Department of Community Health, Tufts University, 574 Boston Ave, Suite 208, MedfordMA02155, United States of America (USA).
Department of Global Health and Population, Harvard University, Boston, USA.
Bull World Health Organ. 2024 Jul 1;102(7):509-520. doi: 10.2471/BLT.24.290519. Epub 2024 Jun 4.
To examine how a general inpatient satisfaction survey functions as a hospital performance measure.
We conducted a mixed-methods pilot study of the Hospital Consumer Assessment of Health Providers and Systems survey in Odisha, India. We divided the study into three steps: cognitive testing of the survey, item testing with exploratory factor analysis and content validity indexing. Cognitive testing involved 50 participants discussing their interpretation of survey items. The survey was then administered to 507 inpatients across five public hospitals in Odisha, followed by exploratory factor analysis. Finally, we interviewed 15 individuals to evaluate the content validity of the survey items.

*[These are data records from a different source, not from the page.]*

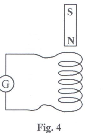 c) A small bar magnet is released from above a long coil of many turns connected to a centre-zero galvanometer as shown in figure 4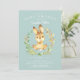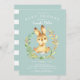 Adorable invitación a un conejito de bebés con un conejo de bebés dulce rodeado por una corona de flores sobre un fondo verde para una ducha neutral de género. Invitamos a nuestros huéspedes a ver la parte de atrás de la coordinación para un toque especial.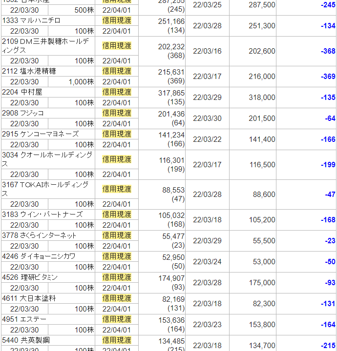 前年度の3月は32銘柄でクロス取引をしていました☆彡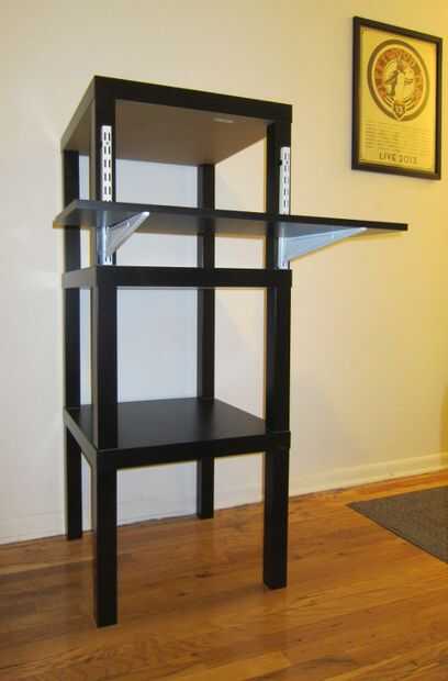 Lo bueno es que puede cambiar la altura del estante del teclado/del ratón simplemente bloqueando los soportes en un lugar diferente en los montantes. Sin embargo, el ordenador portátil/monitor va encima de la mesa superior y esa altura es fija. Estoy un poco más de seis pies de altura y la altura de la mesa de pie es la correcta para mí. La solución humana proporciona una calculadora que calcula la altura de estante y Escritorio ergonómico teclado/ratón para usted. Dependiendo de su altura, puede reducir las patas de una mesa o apilar las latas mesa superior de la tabla superior en la parte superior (Arizona), platos de carta, lo que sea. Si usted necesita un escritorio más, tratar de apilar tantas bandejas de carta que usted necesita sobre la mesa y cubre con uno o más estantes de IKEA EKBY LAIVA (1,99 USD por estante).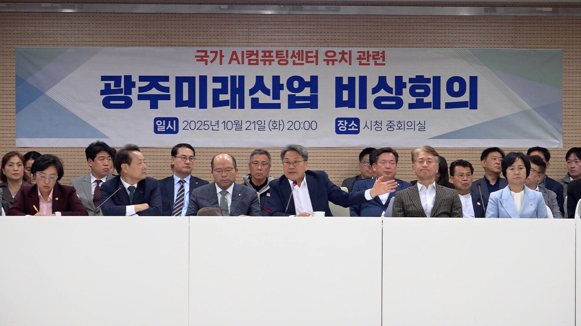 광주시장과 구청장, 시민단체장 등이 '광주 미래산업 비상회의'라는 명의로 국가AI컴퓨팅센터 유치 실패에 대한 입장을 민주당에 전달했습니다.비상회의는 입장문에서 이재명 대통령의 대선 공약이었는데도 광주가 선택받지 못해 시민들이 당혹감과 실망감을 감추지 못하고 있다며 광주 설립 공약을 이행하라고 촉구했습니...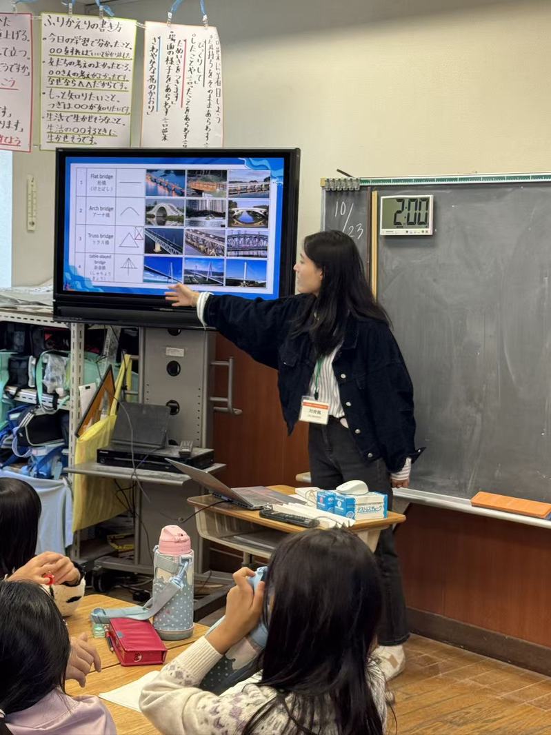 本期项目的主题为“构建友谊之桥 共话STEM教育”。14名研究生以“桥”为课程内容,分别设计了10堂跨文化STEM课堂。周佳颖和张云慧小组围绕“三角形稳定性”核心概念,引导日本小学生发挥创意搭建桥梁。石方圆、许苗和郑煣于小组则以《清明上河桥》中的叠梁拱桥为切入点,关联倍力桥原理,让学生们用木筷合作完成搭建任务。方帆、孙子微和刘青佩小组通过知识讲解、实验验证、动手制作三个环节,帮助学生们了解桥梁的分类、承重原理与结构特征,鼓励大家合作创新完成作品。韩洁琦、万军恺和庞正培小组通过引导小朋友分组制作桥梁,了解桥的连接作用并延伸探讨 “无形的桥梁”,帮学生理解桥的有形功能与无形意义。韦明芳、徐笑笑和崔子晨小组通过实验探究桥梁结构的力学原理,学生合作设计并制作一座“中日友好桥梁模型”,激发跨文化交流兴趣与团队协作能力。创意十足的课堂受到了日本学生的喜爱,日本京都教育大学附属学校的校长表示:“对贵校学生们认真投入的学习态度,以及大家所展示的课程内容深感钦佩。”课后,部分优秀桥梁作品被留在学校陈列展示,让此次跨文化教学实践的成果得以持续传递,成为中日学生友好交流的见证。

Cognitive testing revealed that six out of 18 survey questions were not consistently understood within the Odisha inpatient setting, highlighting issues around responsibilities for care. Exploratory factor analysis identified a six-factor structure explaining 66.7% of the variance. Regression models showed that interpersonal care from doctors and nurses had the strongest association with overall satisfaction. An assessment of differential item functioning revealed that patients with a socially marginalized caste reported higher disrespectful care, though this did not translate into differences in reported satisfaction. Content validity indexing suggested that discordance between experiences of disrespectful care and satisfaction ratings might be due to low patient expectations.
Using satisfaction ratings without nuanced approaches in value-based purchasing programmes may mask poor-quality interpersonal services, particularly for historically marginalized patients. Surveys should be designed to accurately capture true levels of dissatisfaction, ensuring that patient concerns are not hidden.
探讨一般住院患者满意度调查如何作为医院绩效衡量指标。
我们在印度奥里萨邦进行了一项医院消费者评估健康提供者和系统调查的混合方法试点研究。我们将研究分为三个步骤:调查的认知测试、探索性因子分析和内容效度指数的项目测试。认知测试涉及 50 名参与者讨论他们对调查项目的解释。然后在奥里萨邦的五家公立医院对 507 名住院患者进行了调查,随后进行了探索性因子分析。最后,我们采访了 15 个人,以评估调查项目的内容效度。
认知测试显示,18 个调查问题中有 6 个在奥里萨邦住院患者环境中理解不一致,突出了对护理责任的问题。探索性因子分析确定了一个由 6 个因素组成的结构,解释了 66.7%的方差。回归模型显示,医生和护士的人际护理与整体满意度的关联最强。差异项目功能评估显示,社会边缘化种姓的患者报告了更高的不尊重护理,但这并没有转化为报告满意度的差异。内容效度指数表明,不尊重护理和满意度评分之间的不和谐可能是由于患者的期望较低。
在基于价值的购买计划中使用满意度评分而不采用细致的方法可能会掩盖低质量的人际服务,特别是对历史上处于边缘地位的患者。调查应该设计为准确捕捉真实的不满水平,确保患者的担忧不会被隐藏。